Looks like Samsung has pretty high hopes for next year in terms of mobile phone sales. The Korean company thinks it will extend its lead over Apple, its main rival in the smartphone space – and by a lot.
Samsung is widely expected to ship around 420 million phones this year. Next year, though, the company says it will manage 510 million sales. What’s more, a whopping 390 million of those should be smartphones alone, with the remaining 120 million being feature phones.
In percentage points, Samsung thus expects to sell around 20% more devices in 2013 compared to this year.
This information comes from “an executive at one of Samsung’s key suppliers”, according to The Korea Times. The estimates above contradict a forecast from Gartner, the leading market researcher, that predicted 250 million to 300 million smartphone sales for Samsung next year. Then again, analysts have been wrong in assessing the smartphone market’s growth (and Android’s, and Samsung’s) many times before.

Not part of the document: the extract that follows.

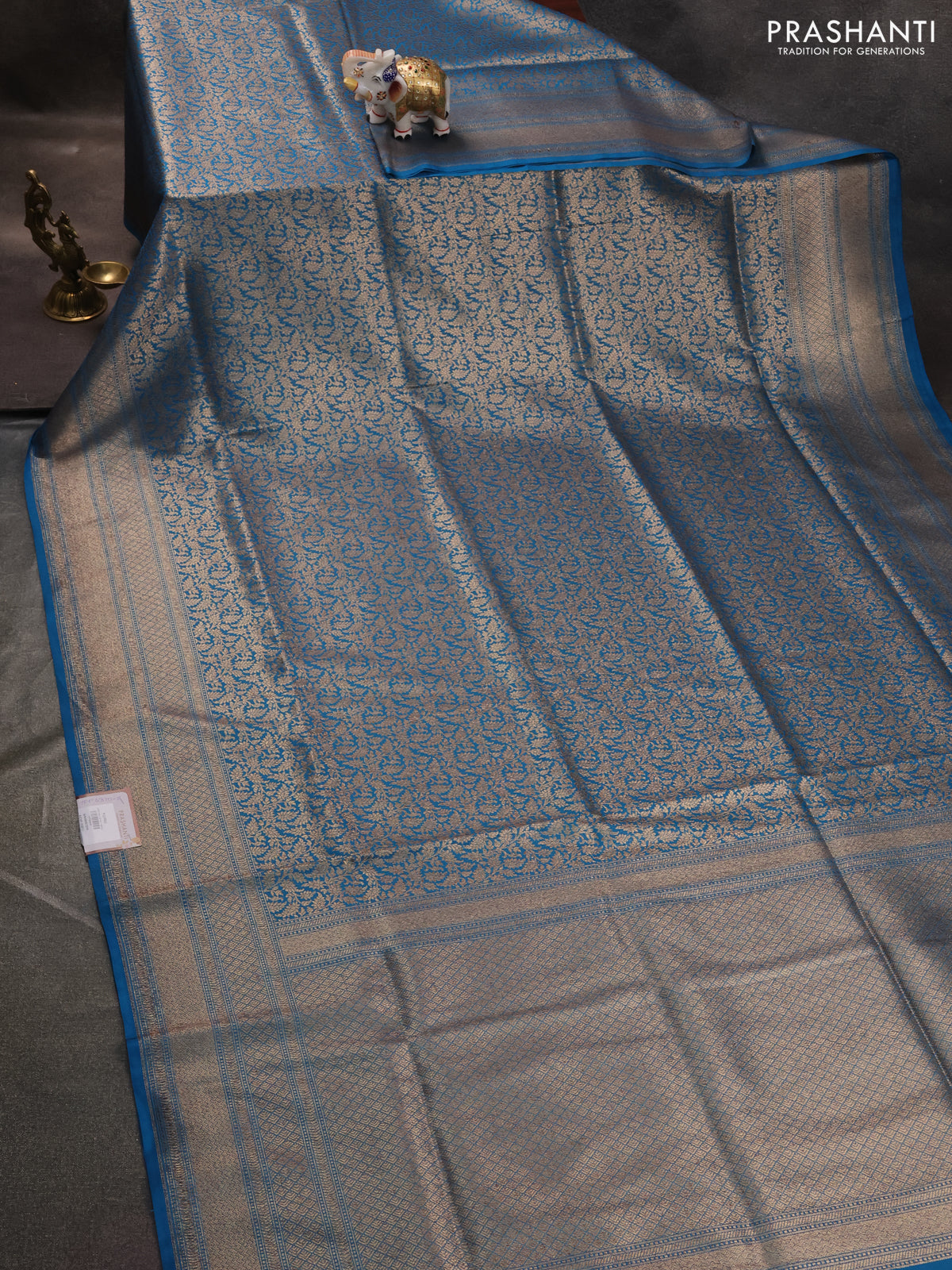 Banarasi semi katan saree cs blue with allover thread & zari brocade weaves and woven border

On a side note, Samsung going from 600,000 smartphones sold in 2009 to 390 million in 2013 is… quite an achievement, surely you must agree.
The Korean company is also on track to replace Nokia as the world’s biggest phone maker in 2012, after no less than 14 years in which the Finns reigned supreme on that front.

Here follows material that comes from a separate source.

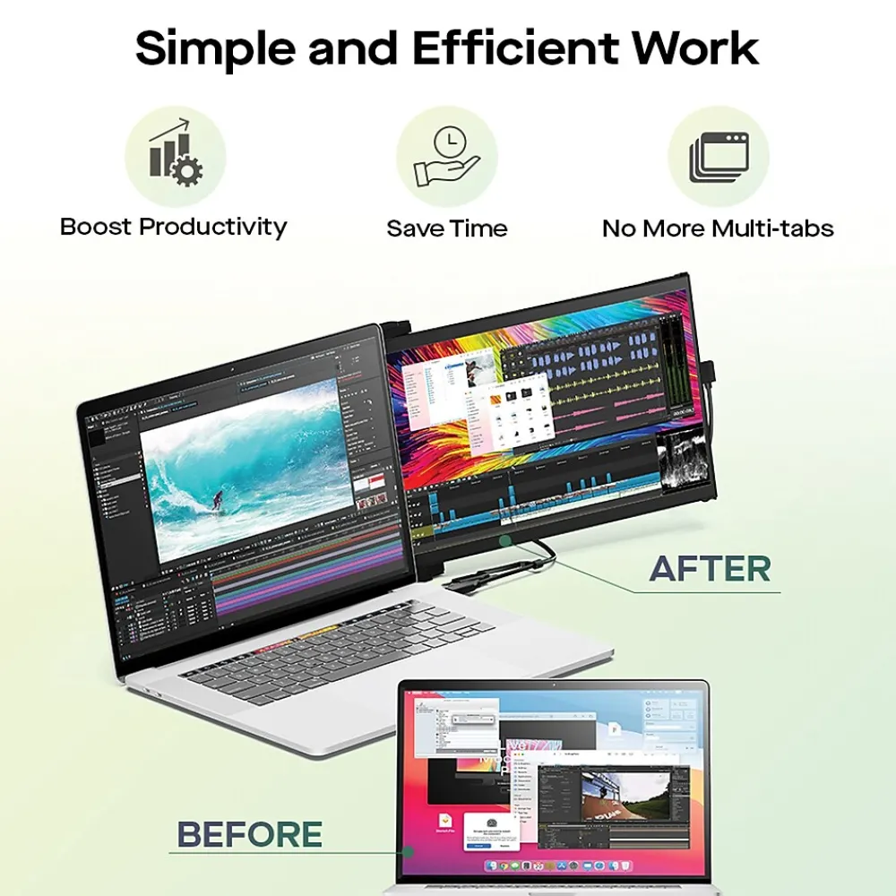 The DUEX Max is MP’s most upgraded, portable dual-screen laptop accessory that makes multitasking effortless. It is ideal for 14-in. and larger laptops. The iconic portable, external monitors complement mobile work, entertainment on the go, and everything in between.

An analyst at Samsung Securities expects Samsung to post a 21 trillion won ($19.55 billion) profit for 2013, up from 19 trillion won ($17.68 billion) this year.
According to yet another source, Samsung will make 240 million of its phones next year in Vietnam, 170 million in China, 40 million in South Korea, and 20 million in India. The company is expected to invest around $2.2 billion in its Vietnamese facilities by 2020 to boost their output even more. This will allow for savings on manufacturing and logistics costs, savings which apparently will be passed on to the company’s customers.
A Samsung official has been quoted as saying that by offering better prices to consumers in developing nations, the company will find a new way to grow its sales. Also, LTE-capable Samsung devices should get more affordable too. So although there are ‘some possibilities’ for smartphone demand to slow down in the next period, Samsung is confident that it’s got what it takes to alleviate that risk.